The Joint in the Woods, later renamed Inn The Woods, was a discothèque and rock music venue in Parsippany–Troy Hills, New Jersey. It was active in either 1973 or 1974, and shut down in early 1975, before being destroyed by fire in 1977.

Performers included Bruce Springsteen, Tower of Power, Lynyrd Skynyrd, Peter Frampton, Rush, Renaissance, and Kiss. The club also featured nightly prerecorded funk music by such DJs as Muggsy McGinnis.

Its peak period of prominence was in 1974, when the club faced press attention due to its controversial name after 14 months of being open. The marijuana reference ("Joint") concerned the local Town Council, who ordered the club to close until it could change its name.

By 1975, it had been renamed Inn The Woods due to town pressure, and it shut down in 1976.

The building was destroyed and levelled following a 1977 electrical fire.

== History ==

=== Establishment ===
The building was constructed in an unknown year (co-founder William Foody was unable to specify the age of the building when asked).

In either 1973 or 1974, the building was purchased by Crow‐Foody Central company of Saddle Brook.

According to its Morristown Daily Record advertisement, it was located at 400 Smith Road in Parsippany, and offered two nightly shows at 10 & 11:30, with $3 admission. One attendee recalled that it was "a plain shed-like building in a North Central Jersey forest". He added that the venue had "few seats", relegating crowds to stand as in general admission.

=== Name controversy ===
In July 1974, the Parsippany–Troy Hills Town Council ruled that the venue's name was "offensive to good taste". Township attorney Bertram Latzer said the name of the club was synonymous with marijuana and gave young people the impression that it was "a place of low repute". Joint In The Woods was thereby ordered to close its doors for 15 days, and change its name on all advertising within 60 days. The Council also claimed that the club's liquor license was invalid, but this claim was not substantiated.

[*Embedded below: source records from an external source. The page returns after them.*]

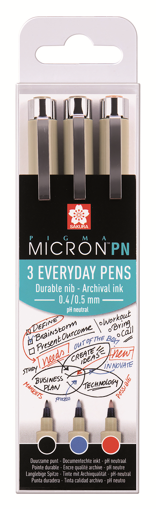 - В наборе 3 капиллярные ручки Sakura Pigma PN, цвета: черный (№49 Black), синий (№36 Blue), красный (№19 Red)
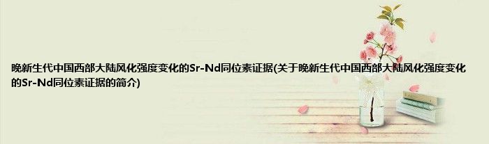 本文关于晚新生代中国西部大陆风化强度变化的Sr-Nd同位素证据的简介就讲解完毕,希望对大家有所帮助。
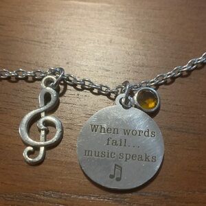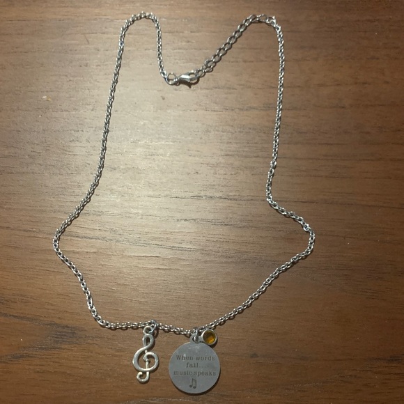 Elegant silver necklace featuring a musical note,orange rhinestone and a circle pendant. And a penPerfect for music lovers.
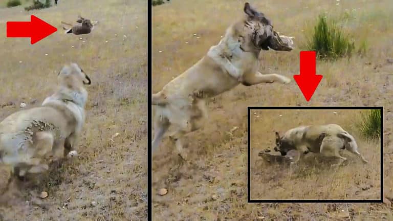 El vídeo es impactante: en apenas unos segundos se ve cómo una hembra de mastín español atrapa al vuelo una liebre que le viene corriendo como un rayo. El gran volumen del perro, por la raza que es, no impide que su flexibilidad y agudeza visual le permitan dar caza a la liebre al vuelo.
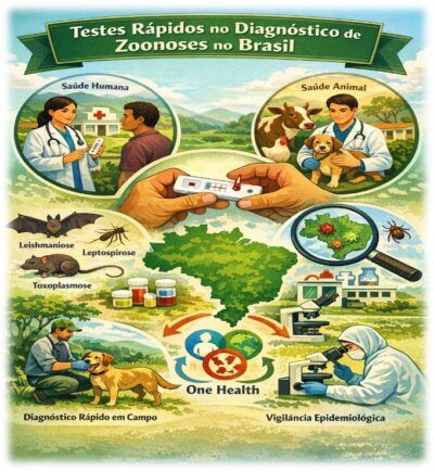 As zoonoses representam um dos principais desafios da saúde pública brasileira, em razão de sua ampla distribuição geográfica, impacto socioeconômico significativo e da estreita relação entre a saúde humana, animal e ambiental. Nesse contexto, os testes rápidos têm se destacado como ferramentas estratégicas para o diagnóstico precoce, a vigilância epidemiológica e o controle dessas enfermidades. A incorporação dessas tecnologias reforça o conceito de Saúde Única (One Health), fundamental para o enfrentamento de doenças de origem animal no país.
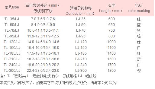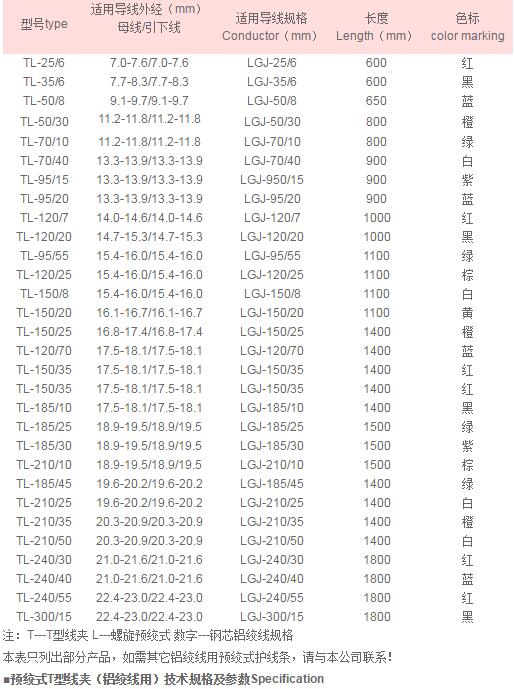 ■預(yù)絞式T型線夾(鋼芯鋁絞線用)技術(shù)規(guī)格及參數(shù)Specification
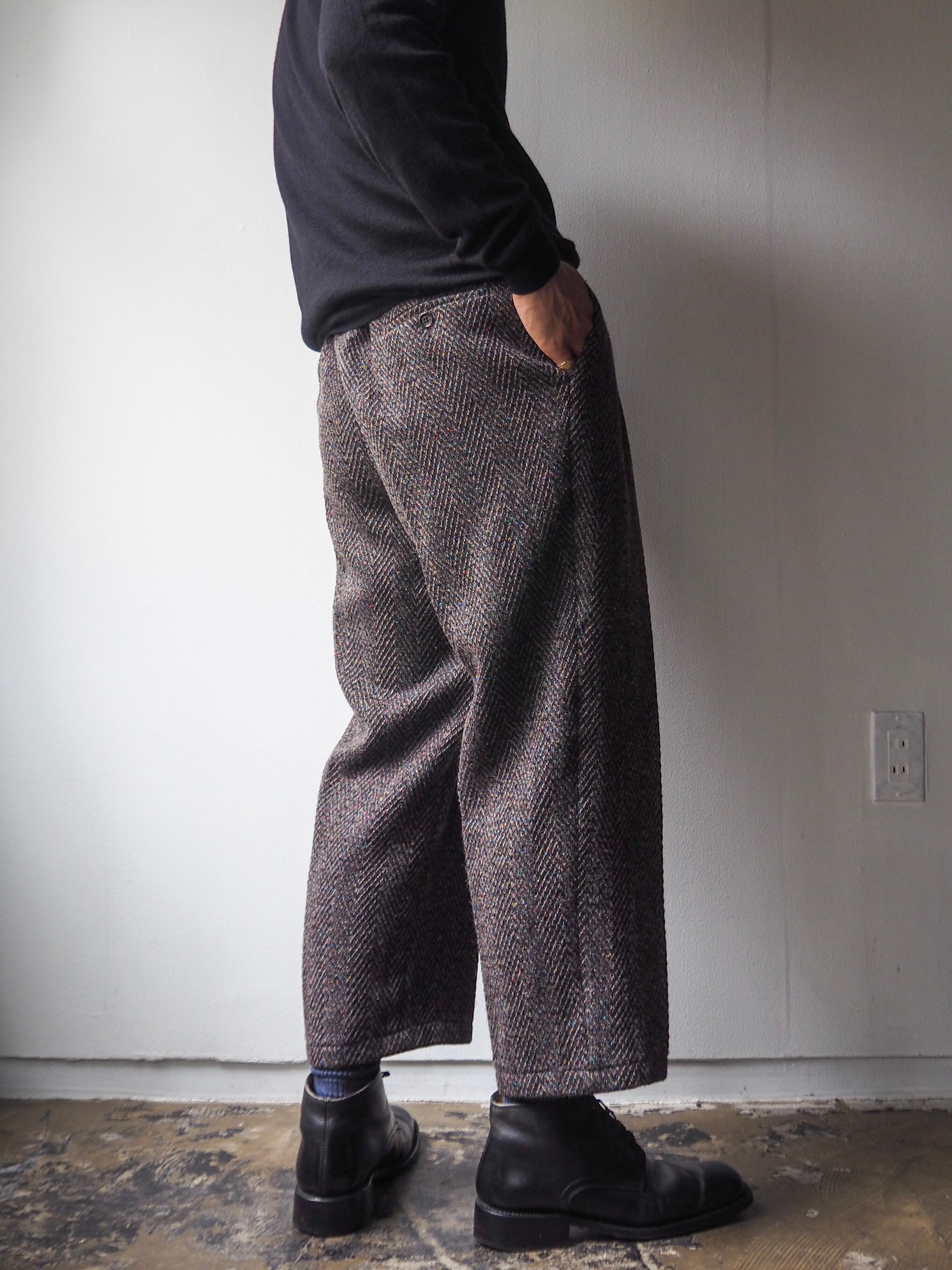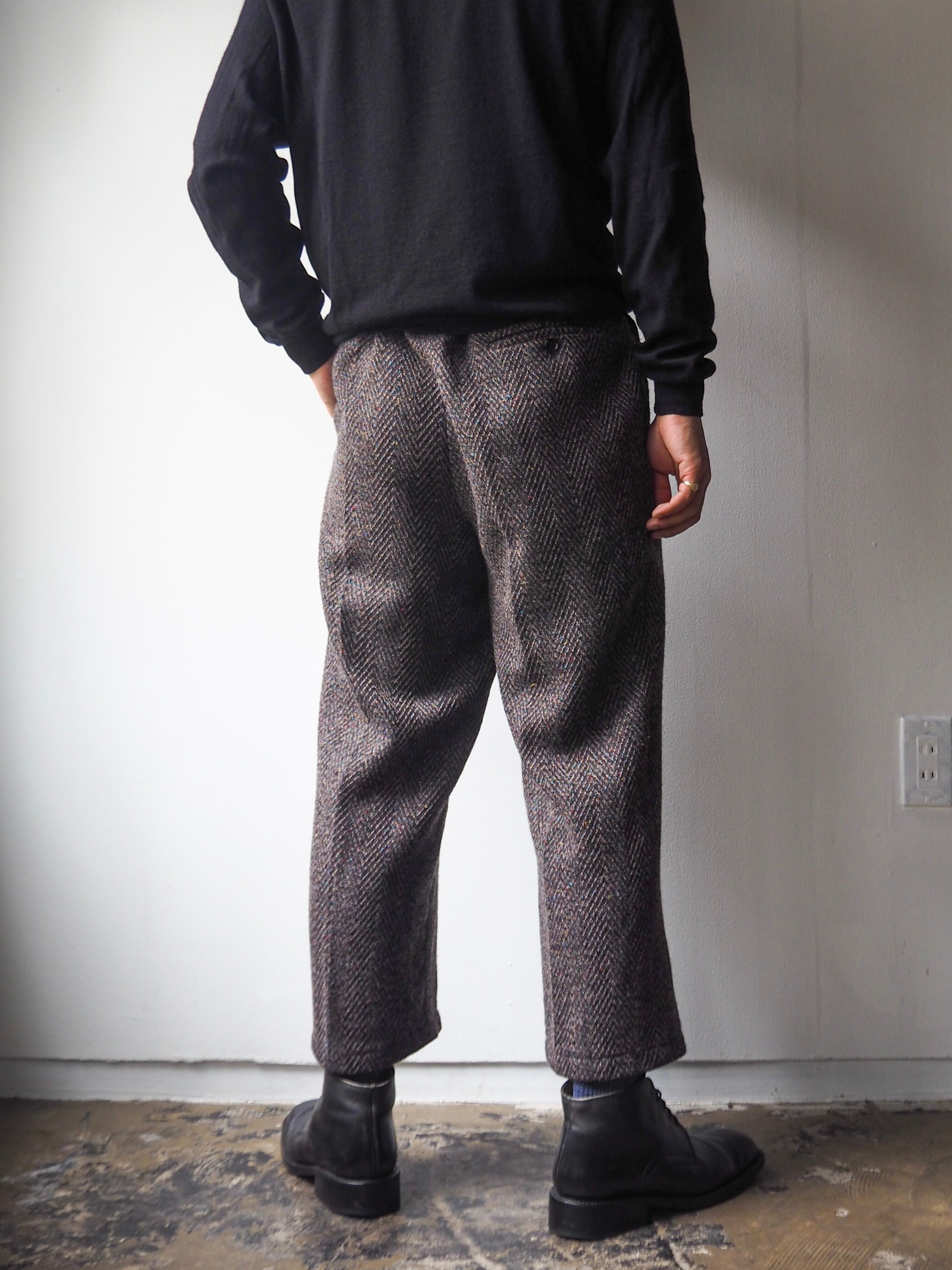 ワイド&テーパードシルエットにクロップされた裾丈。重厚な素材感ながらも着こなしのアクセントになるアンニュイなバランス感をお楽しみいただけます。
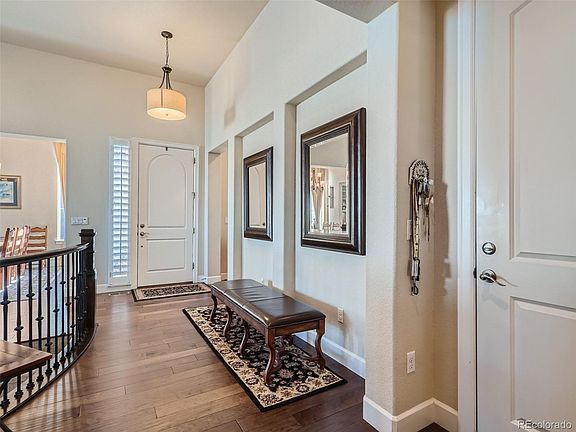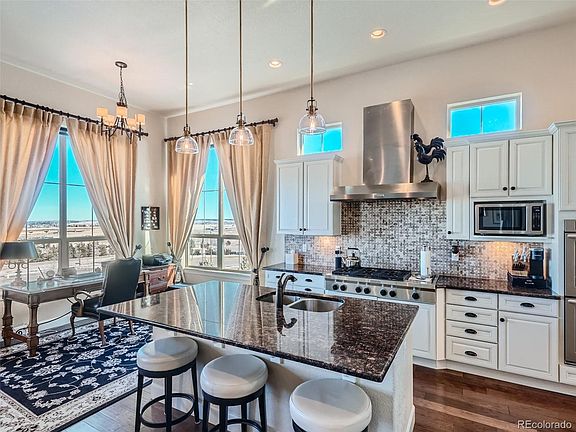 Elegant Ranch Style home in the coveted Montecito neighborhood in Lone Tree featuring stunning City and Mountain views! This 4 bed/4 bath home greets you with its beautiful hardwood flooring and open and flowing floor plan leading past the formal dining room to the gorgeous chef’s kitchen with luxury cabinetry, stainless steel appliances, double ovens, walk-in pantry, 6-burner gas stove and large kitchen island with granite countertops and pendant lighting. Natural light fills the living room with it's 12ft ceilings and stack stone gas fireplace with built-ins. Step outside to relax and enjoy amazing sunsets over the Rocky Mountains and views of Downtown Denver from your covered Colorado room with outdoor fireplace. Spacious primary bedroom and 5-piece primary bath with his and her vanities, tub, separate tile shower and unmatched walk-in custom closet. This former Interior Designer's home also includes an additional main floor guest bedroom with its own custom walk-in closet, separate bath, powder room, plantation shutters, laundry room with cabinetry and large office with French doors. The Lower level features a large guest bedroom with ensuite bathroom, a smaller bedroom that could also be used as a craft room or workout room, and large family room with custom wet bar perfect for entertaining. Three car garage with professional epoxy flooring. Private Montecito Pool access, community social events and high speed internet included in HOA. Unmatched Prime Location! Walking Distance to Lone Tree Rec Center, new Pickleball Courts and Bluffs Regional Park for hiking/biking. Easy access to I-25 and nearby shopping and dining as well as the Lone Tree Arts Center, Library, Light Rail and other great amenities!
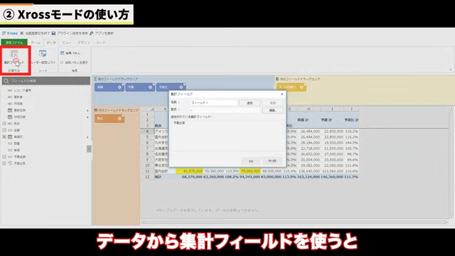 あとは集計フィールドといって例えば予実費を出したい場合、実績÷予算 予実データ持ってない場合も予実費っていうのを新たに作ることができます
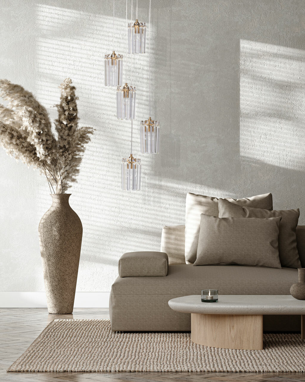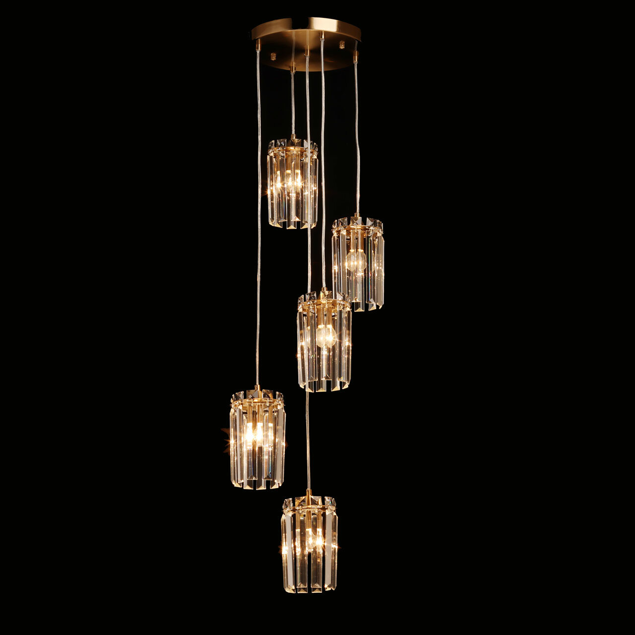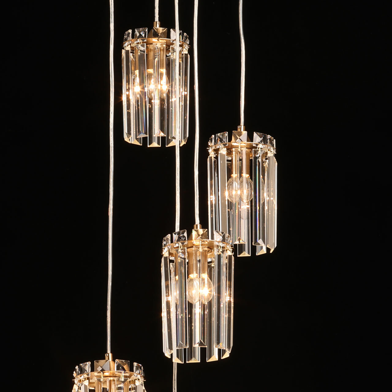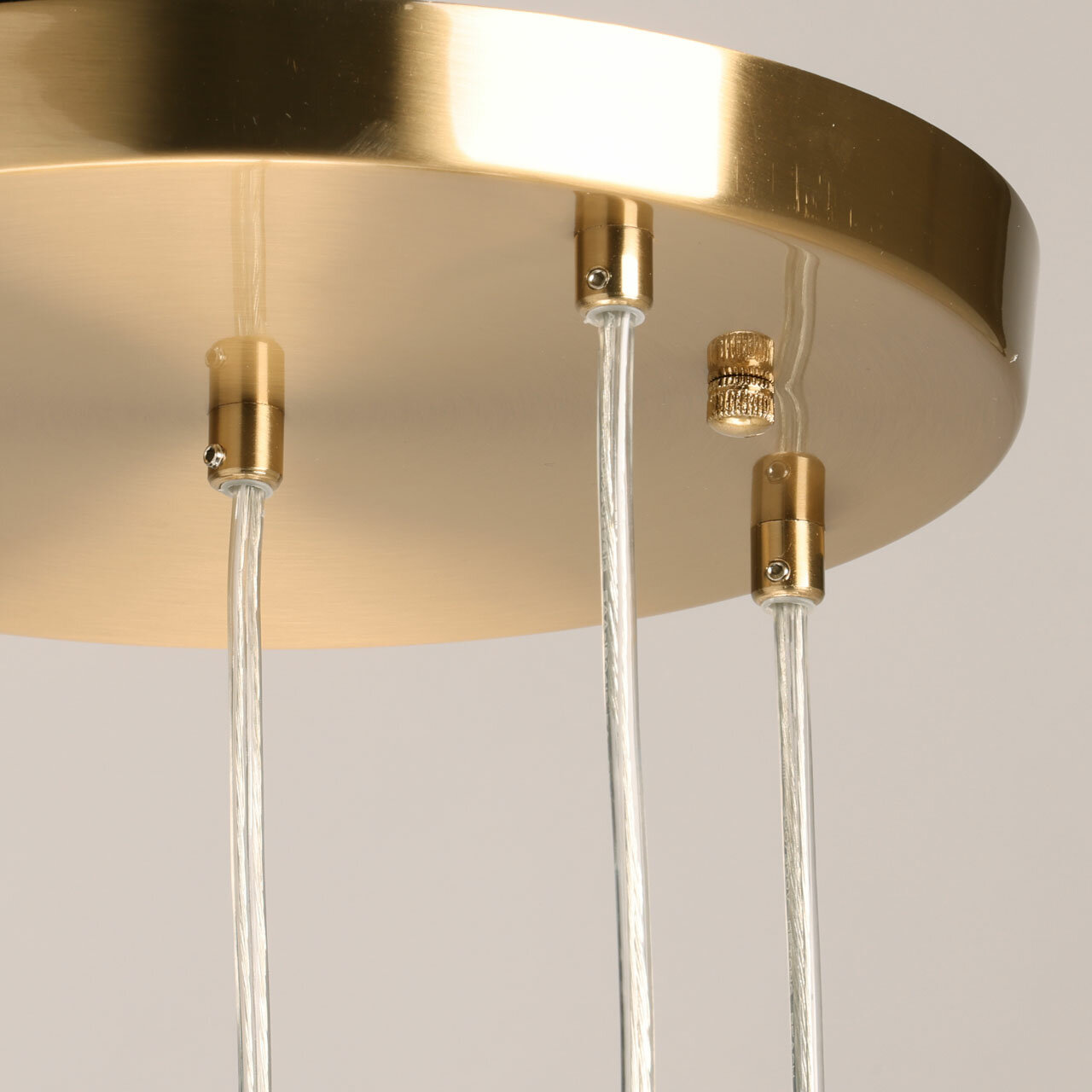Актуальный цвет латуни придает люстре стильный и современный вид. Вытянутые хрустальные элементы декора добавляют люстре элегантности. Заменяемые источники света удобны в эксплуатации. Возможность регулировать комфортную высоту. Металлическое основание подвесной люстры гальванизировано в цвет латуни. Светильник декорирован подвесками из прозрачного хрусталя вытянутой формы.

Shortly thereafter, probably in 1974, the venue reopened under the name Inn The Woods. Its sign on Route 46 was repainted by early 1975.

=== Shut down ===
The club and bar shut down for unspecified reasons around March 1976.

=== Fire destruction ===
On Sunday September 11, 1977 at 3:30 PM, an electrical malfunction caused a fire at the former discothèque. The fire "raged through the building and broke through the roof shortly after people in a partially enclosed area of the building were evacuated".

There were no injuries or fatalities, a circumstance deemed a "miracle" by District-Six Fire Chief Andrew Tyrone.

More than 20 fire engines and 200 volunteer firefighters fought against the blaze; pictures of firefighters have been uploaded online. Following the fire, the former discothèque was destroyed. Afterwards, the shell of the building was levelled by bulldozer and tank.

== Legacy ==
An April 1975 article in the Morristown Daily Record detailed the club's popularity and controversial end, relating the history to the sign that still stood on Route 46.